In some embodiments, the single-sided coating weight of the positive electrode film is 200 mg/1540 ^mm² - 370 mg/1540 ^mm² ; optionally, it is 240 mg/1540 ^mm² to 330 mg/1540 ^mm² . Setting the single-sided coating weight of the positive electrode film within the above range can limit the heat generation per unit area of the positive electrode sheet, while also improving the energy density and charging rate performance of the battery cell.

In some embodiments, the compaction density of the positive electrode film at 100% SOC of the battery cell is 2.50 g/ ^cm³ to 2.80 g/ ^cm³ ; optionally, it is 2.55 g/ ^cm³ to 2.70 g/ ^cm³ . A compaction density within this range is beneficial for increasing the energy density of the battery cell; and because the positive electrode active material in the positive electrode film is densely packed, the contact resistance between particles is low, which further reduces the resistance of the positive electrode sheet, thereby reducing heat generation during fast charging.

In some embodiments, the porosity of the positive electrode is 25%-32%. A porosity greater than or equal to 25% provides space for impurities generated by side reactions, reducing the expansion pressure of the battery cell, decreasing cell deformation, improving cycle performance, and lowering the risk of connection failure between the battery cell and the busbar.

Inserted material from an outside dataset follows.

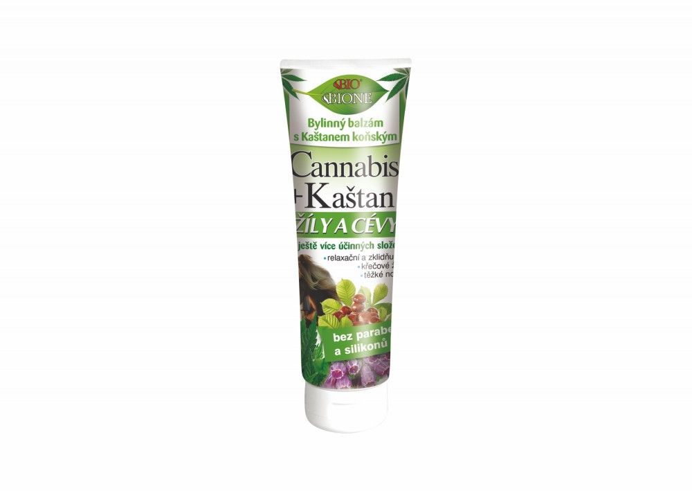 Bylinný balzám na unavené nohy – emulgel s „koňskou silou“ kaštanu koňského a extraktu ze semen červeného vína. Extrakt kaštanu, vína, mentol, kafr, eukalyptus, a další složky působí relaxačně a blahodárně na unavené a těžké nohy se sklonem k tvorbě křečových žil. Používá se k relaxační a uvolňovací masáži pokožky unavených a těžkých nohou, při svalovém zatuhnutí, pro relaxační masáže natažených šlach a při různých zhmožděninách. Masáží se pokožka i ostatní tkáně prokrví a prohřejí, uvolní se svalový tonus, pročistí se lymfatické dráhy. Balzám obsahuje nejen konopný olej, ale i extrakt z celé listové části rostliny. Extrakt i olej Cannabis je znám svým používáním v lidovém léčitelství pro své údajné protizánětlivé, antibakteriální, protialergické a regenerační vlastnosti na pokožku. Olej ze semínek rostliny Cannabis se v lidovém léčitelství s oblibou doporučuje na různé dermatitidy, u atopického ekzému, lupénky, akné a oparů. Má uklidňující a zvláčňující účinky, chrání pokožku před vysoušením a praskáním. Dále obsahuje hydratační glycerin, rostlinné bambucké máslo, panthenol, allantoin a vitamín E. Polyfenolické látky a escin z rostlinných extraktů se s oblibou tradičně používají jako složky mazání na křečové žíly. Rychle se vstřebává, zanechává příjemný nemastný pocit. Na pokožku v postižené oblasti naneste balzám a provádějte 5–15 min. masáž, směrem od konce nohou k trupu.

A porosity less than or equal to 32% can, to some extent, maintain the energy density of the battery cell.

In some embodiments, the thickness of the positive electrode sheet is 0.13 mm to 0.2 mm. Using a positive electrode sheet with a smaller thickness can shorten the ion migration path, increase the ion migration rate, reduce the heat generation of the battery cell, and improve the fast charging performance of the battery cell.

In some embodiments, the ratio of the thickness of the positive current collector to the thickness of the positive electrode film is 0.05-0.3. Limiting the ratio of the positive current collector thickness to the positive electrode film thickness to greater than or equal to 0.05 can improve the current-carrying capacity of the positive current collector, reduce the temperature rise of the positive electrode sheet, and improve the fast-charging performance of the battery cell. Limiting the ratio of the positive current collector thickness to the positive electrode film thickness to less than or equal to 0.3 can reduce the capacity loss of the positive electrode sheet. The embodiments of this application limit the ratio of the positive current collector thickness to the positive electrode film thickness within the above range, which can, to a certain extent, balance the fast-charging capability and energy density of the battery cell.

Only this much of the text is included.